Watchdog Blog

Gilbert Cranberg: ‘My Medicare’

Posted at 9:28 am, May 2nd, 2011
Gilbert Cranberg Mug

Republicans who endorsed the party’s plan to undo Medicare got an earful when they met with constituents during the recent congressional recess. If the lawmakers paid attention, they learned that Medicare isn’t just an impersonal government insurance program. When seniors talk about “my Medicare,” they express a sense of kinship based on warm feelings usually reserved for a favorite relative.

I was impressed when I first enrolled in Medicare how genuinely interested the government official who handled the paperwork was in doing what was in my interests. I had no sense of an adversarial relationship or that the government had an agenda separate from mine. The feeling of confidence that Medicare was on my family’s side was buttressed during every step of my wife’s prolonged illness. Her eventual death was more bearable by the virtually hassle-free experience of dealing with Medicare during her illness.

The contrast with the private insurer who had sold us nursing home insurance could not have been more glaring. I had researched the company carefully, but it had been taken over by an insurer whose business plan appeared to consist of delaying claims payment by all possible means. Every step of dealing with that company was agony.

My daughter has an acquaintance whose health insurance is provided by her husband’s employer, a large Washington law firm, and administered by a major private insurer. You would think that the prospect of tangling with lawyers would put the insurer on its best behavior. Perhaps it has, but this is her account of her family’s experience:

“Over 30 claims submitted for multiple dates in 2010 were lost by the insurer four separate times, are still missing and have not even been inputted into the insurer’s system since first submitted over four months ago. An additional 17 claims have been inputted but have remained inexplicably pending for over four months.

“Finally, insurer has failed to re-process approximately one dozen additional claims that insured’s representatives have conceded were wholly or partially rejected in error. Insured’s staff have largely been unhelpful and inept. We have expended countless hours trying to resolve these problems and are unable to complete our 2010 income taxes in a timely manner as a result of these delays.”

Granted, conclusions based on anecdotal evidence are inherently unreliable. But a long lifetime of experience is worth something. My lifetime experience warns me that for-profit companies have interests that are not congruent with those of their customers and that the GOP is being reckless with its plan to eventually turn “my Medicare” into a voucher system that would put beneficiaries at the mercy of the marketplace.

My sense is that seniors generally share my misgivings.
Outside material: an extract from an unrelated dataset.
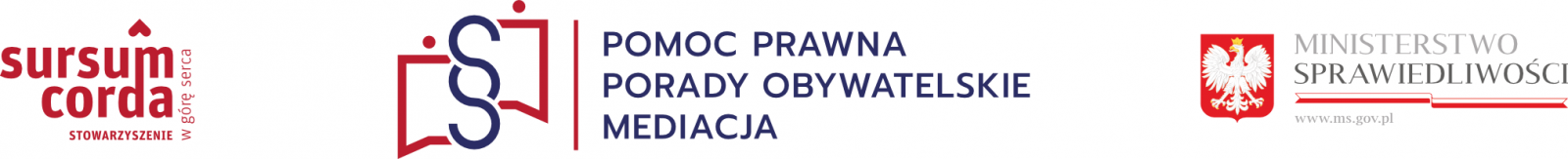 Stowarzyszenie Sursum Corda realizuje projekt powierzony przez POWIAT NOWOSĄDECKI, w ramach którego prowadzimy nieodpłatną pomoc prawną, nieodpłatne poradnictwo obywatelskie oraz nieodpłatne mediacje.

If the GOP ignores them it will have made a colossal blunder.



3 Responses to “‘My Medicare’”

  1. Jim T says:

    You’re problem is that you are assuming that Medicare will go on as it always has. This unmentioned assumption is false. It cannot stay because there simply won’t be enough money to pay for it. So the REAL question is whether it will be modified now when it can be done with as little pain as possible, or will it be done down the road when it will be causing a financial disaster for the US as a whole?

    I’d prefer to deal with the problem now, you want to kick it down the road. You (and the Democrats as a whole) just aren’t being honest about it. You may just not realize your mistake, but the Democrats in Congress can’t reasonably claim this, otherwise they would be able to come up with a budget. They refuse to do so, because they prefer to demagogue the issue so they can try to hold on to power a little longer.

  2. Bob Marshall says:

    If we didn’t have all these wars and didn’t bail out all these countries and banks would we need to change Medicare because of cost? In 2007 the US gave Israel 30 billions dollars. This is on record. How long would 27 billion of that taken care of Medicare?

  3. Bob Marshall says:

    I have to add what about the 9.7 trillion the Federal Reserve has lost the past few years. If they aren’t autided there is no justice in America for Americans. Somebody has a lot of explaining to do to the citizens of this great nation.